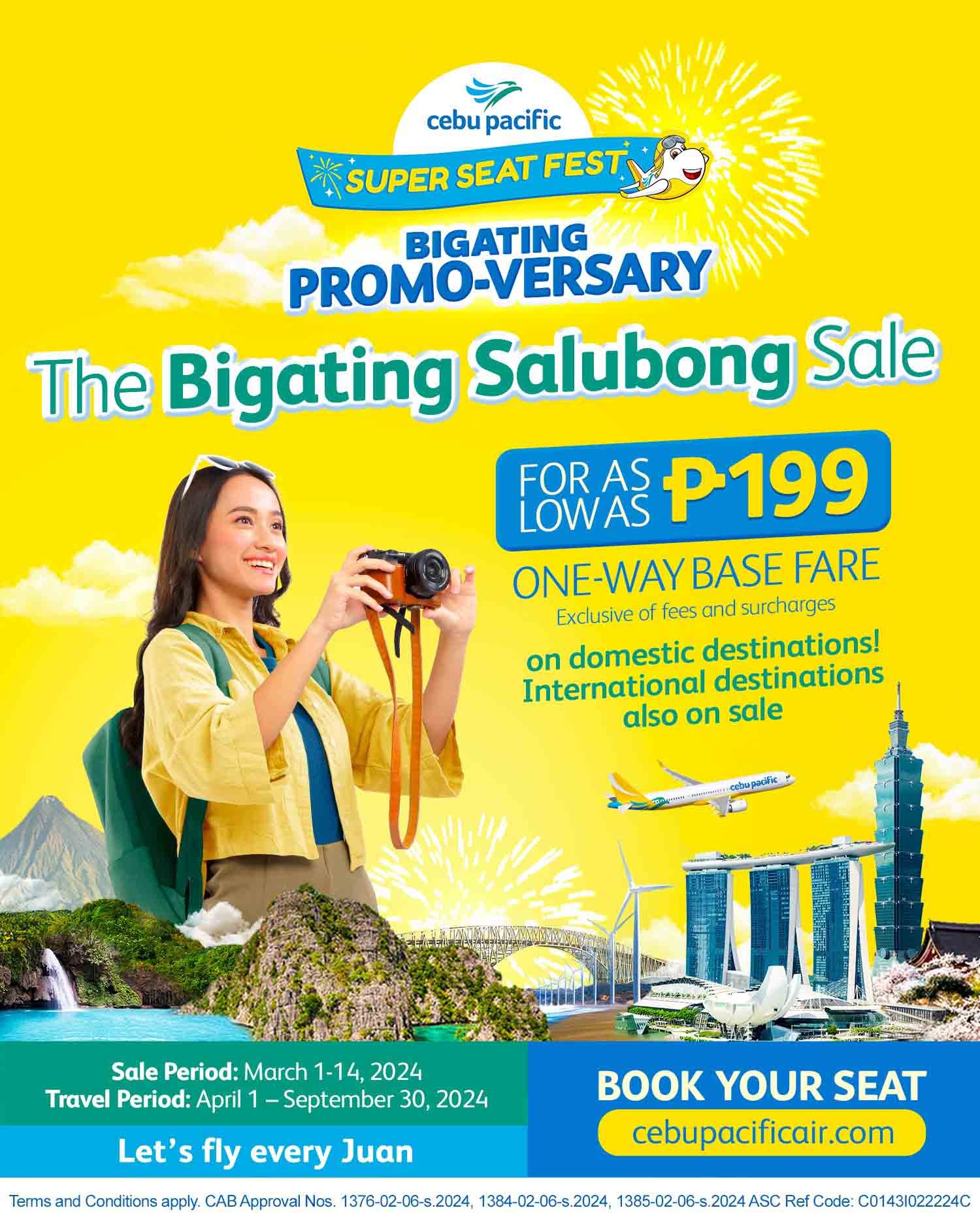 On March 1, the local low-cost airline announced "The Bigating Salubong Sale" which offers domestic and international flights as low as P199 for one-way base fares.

--

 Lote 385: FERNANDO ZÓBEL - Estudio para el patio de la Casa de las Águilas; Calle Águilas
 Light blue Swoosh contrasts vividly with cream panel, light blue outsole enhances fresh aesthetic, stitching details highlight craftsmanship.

> Task statement
Copy out precisely the lines from the line with "Lote 385: FERNANDO" to the line with "Light blue Swoosh" in the material above, including those two lines and omitting all the rest.

> Reply
 Lote 385: FERNANDO ZÓBEL - Estudio para el patio de la Casa de las Águilas; Calle Águilas
 Light blue Swoosh contrasts vividly with cream panel, light blue outsole enhances fresh aesthetic, stitching details highlight craftsmanship.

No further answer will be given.